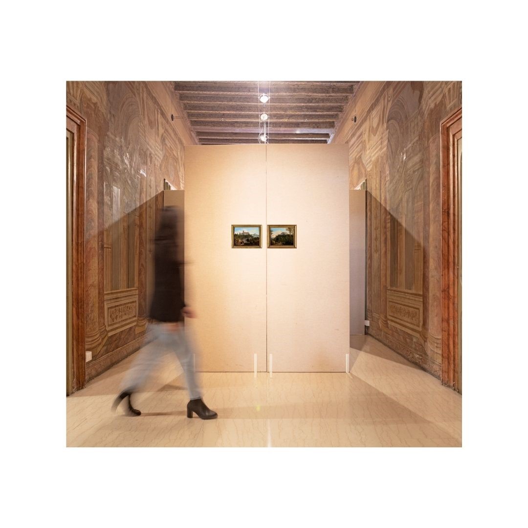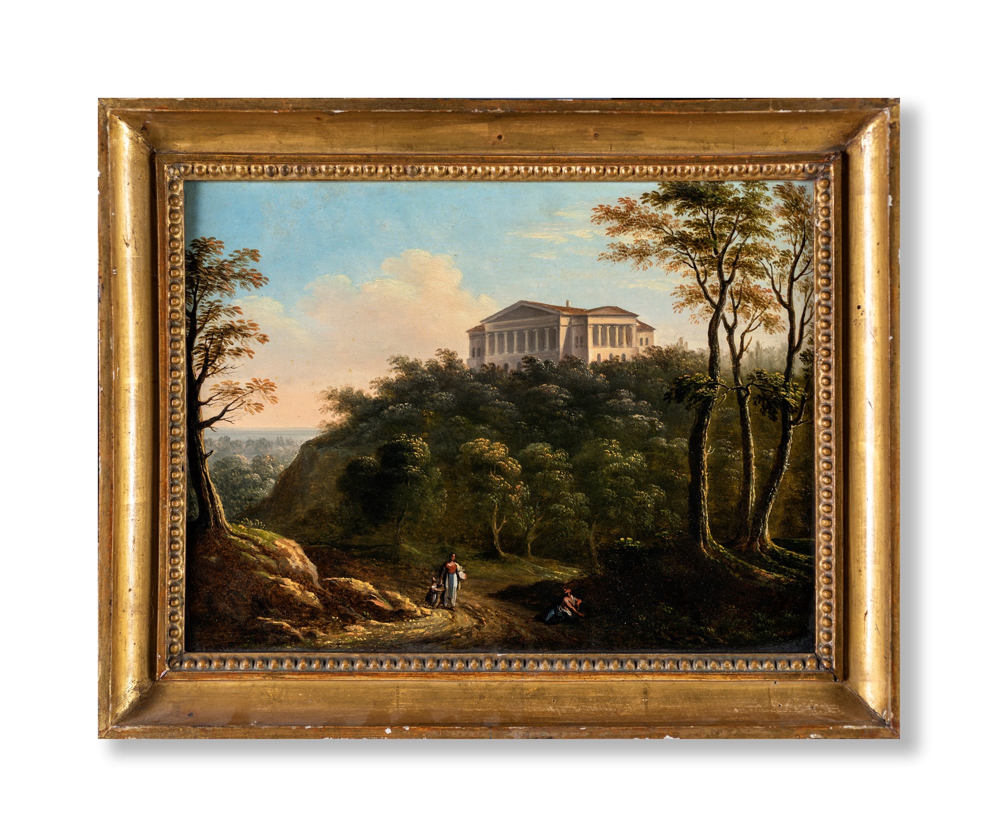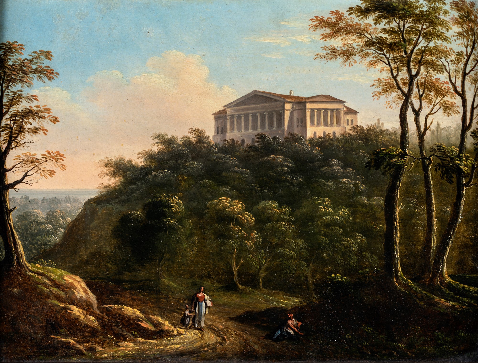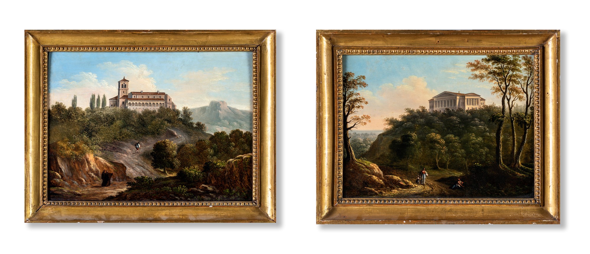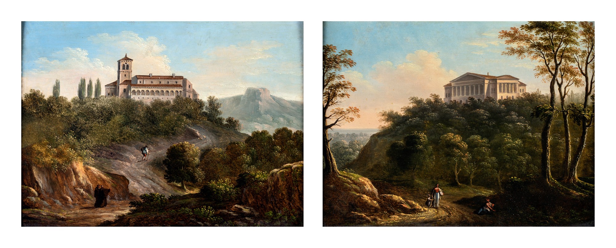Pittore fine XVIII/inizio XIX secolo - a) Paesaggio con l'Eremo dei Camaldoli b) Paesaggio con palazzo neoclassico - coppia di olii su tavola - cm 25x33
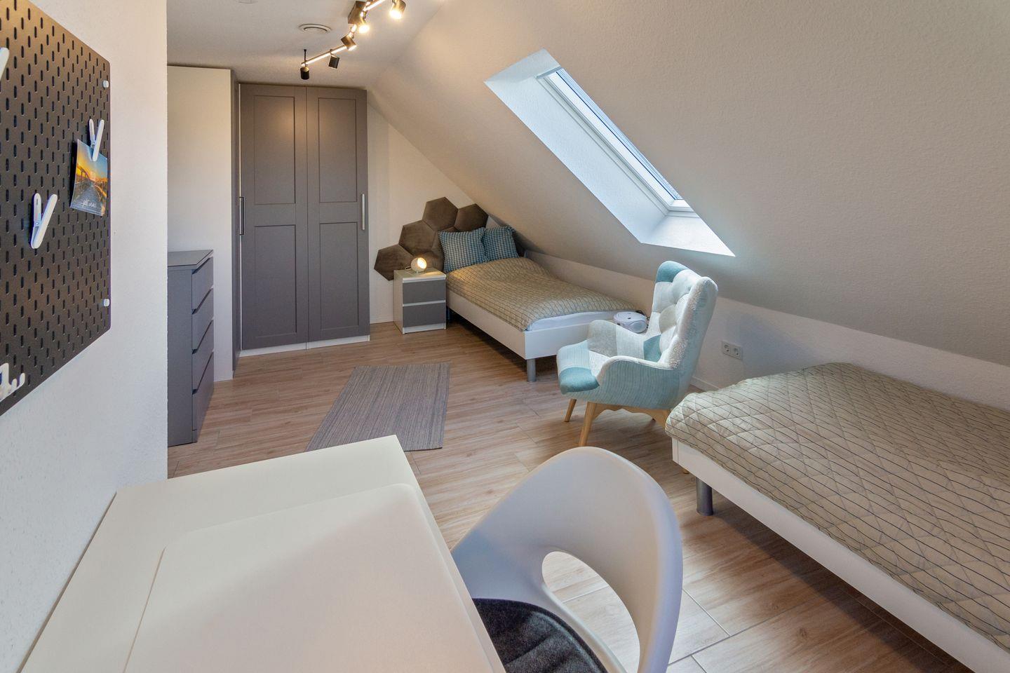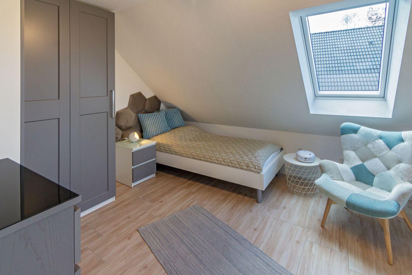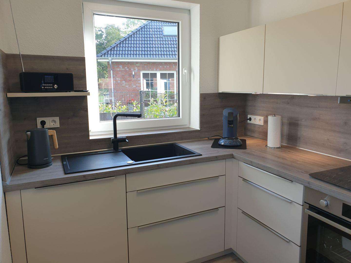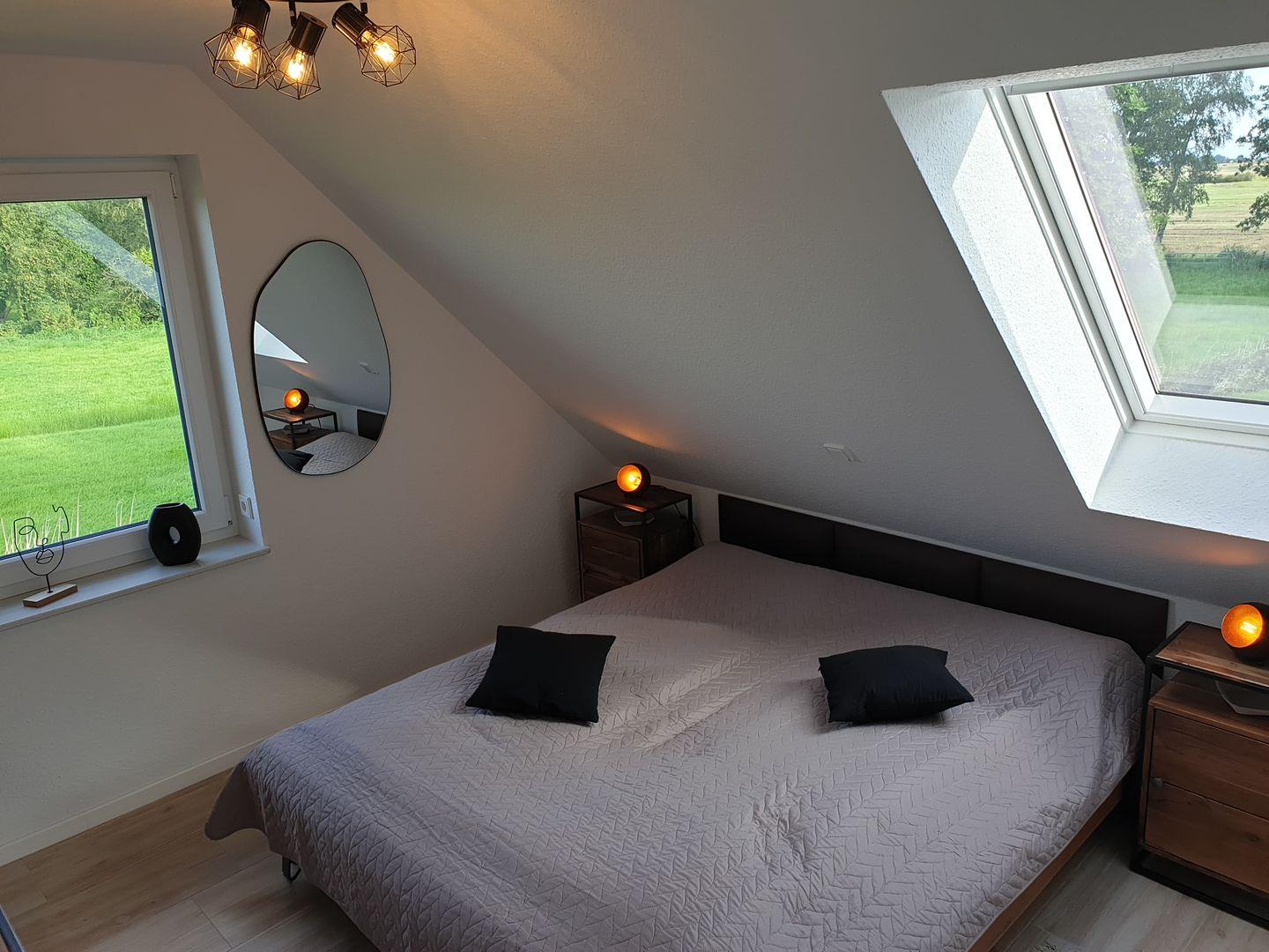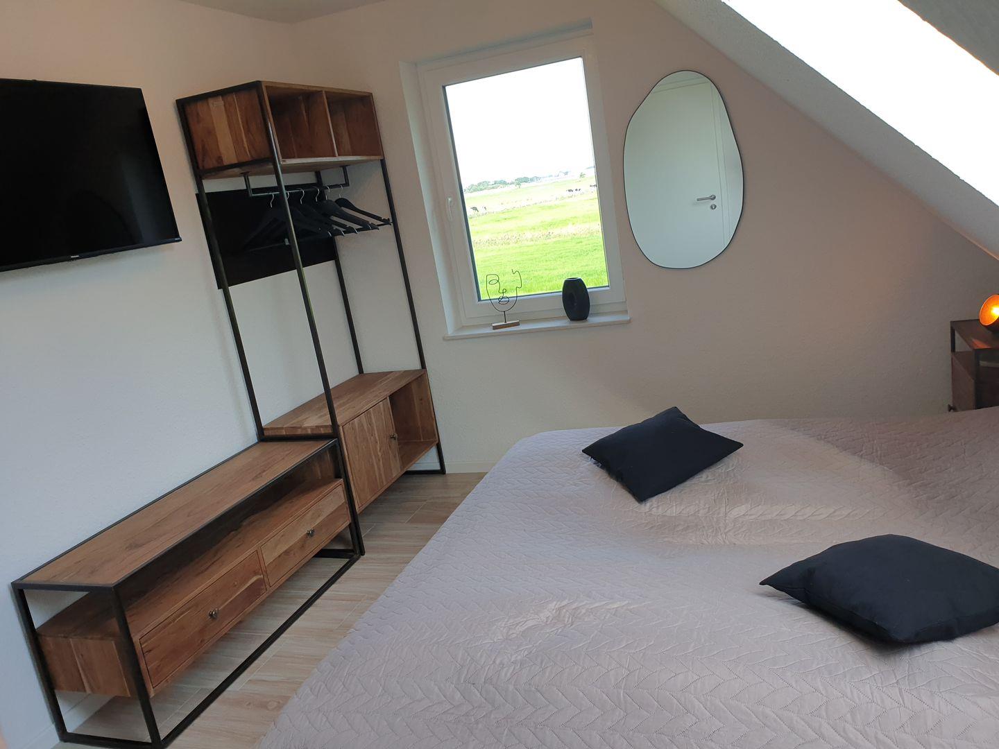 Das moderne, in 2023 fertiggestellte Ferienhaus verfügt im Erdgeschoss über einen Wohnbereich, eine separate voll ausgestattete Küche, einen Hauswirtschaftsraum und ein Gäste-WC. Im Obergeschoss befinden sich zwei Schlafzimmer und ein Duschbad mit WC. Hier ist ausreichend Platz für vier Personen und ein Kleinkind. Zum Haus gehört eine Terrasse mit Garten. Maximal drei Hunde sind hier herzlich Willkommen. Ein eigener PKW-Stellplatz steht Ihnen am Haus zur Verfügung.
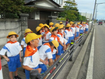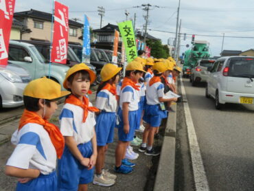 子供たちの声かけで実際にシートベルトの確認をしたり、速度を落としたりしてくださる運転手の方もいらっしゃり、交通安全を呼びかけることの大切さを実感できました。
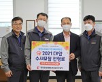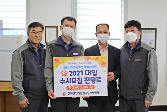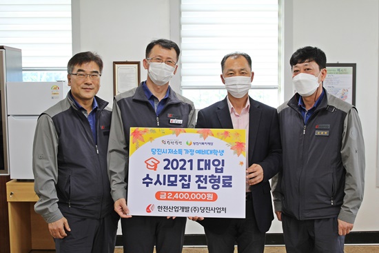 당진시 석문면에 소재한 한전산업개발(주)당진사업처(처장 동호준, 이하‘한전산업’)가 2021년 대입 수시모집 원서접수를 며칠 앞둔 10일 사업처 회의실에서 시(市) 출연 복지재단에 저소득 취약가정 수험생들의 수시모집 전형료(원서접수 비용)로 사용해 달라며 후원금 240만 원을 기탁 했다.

What is expected
Could you write out the whole listing exactly, skipping every picture?

Your response
Pittore fine XVIII/inizio XIX secolo - a) Paesaggio con l'Eremo dei Camaldoli b) Paesaggio con palazzo neoclassico - coppia di olii su tavola - cm 25x33
 Das moderne, in 2023 fertiggestellte Ferienhaus verfügt im Erdgeschoss über einen Wohnbereich, eine separate voll ausgestattete Küche, einen Hauswirtschaftsraum und ein Gäste-WC. Im Obergeschoss befinden sich zwei Schlafzimmer und ein Duschbad mit WC. Hier ist ausreichend Platz für vier Personen und ein Kleinkind. Zum Haus gehört eine Terrasse mit Garten. Maximal drei Hunde sind hier herzlich Willkommen. Ein eigener PKW-Stellplatz steht Ihnen am Haus zur Verfügung.
 子供たちの声かけで実際にシートベルトの確認をしたり、速度を落としたりしてくださる運転手の方もいらっしゃり、交通安全を呼びかけることの大切さを実感できました。
 당진시 석문면에 소재한 한전산업개발(주)당진사업처(처장 동호준, 이하‘한전산업’)가 2021년 대입 수시모집 원서접수를 며칠 앞둔 10일 사업처 회의실에서 시(市) 출연 복지재단에 저소득 취약가정 수험생들의 수시모집 전형료(원서접수 비용)로 사용해 달라며 후원금 240만 원을 기탁 했다.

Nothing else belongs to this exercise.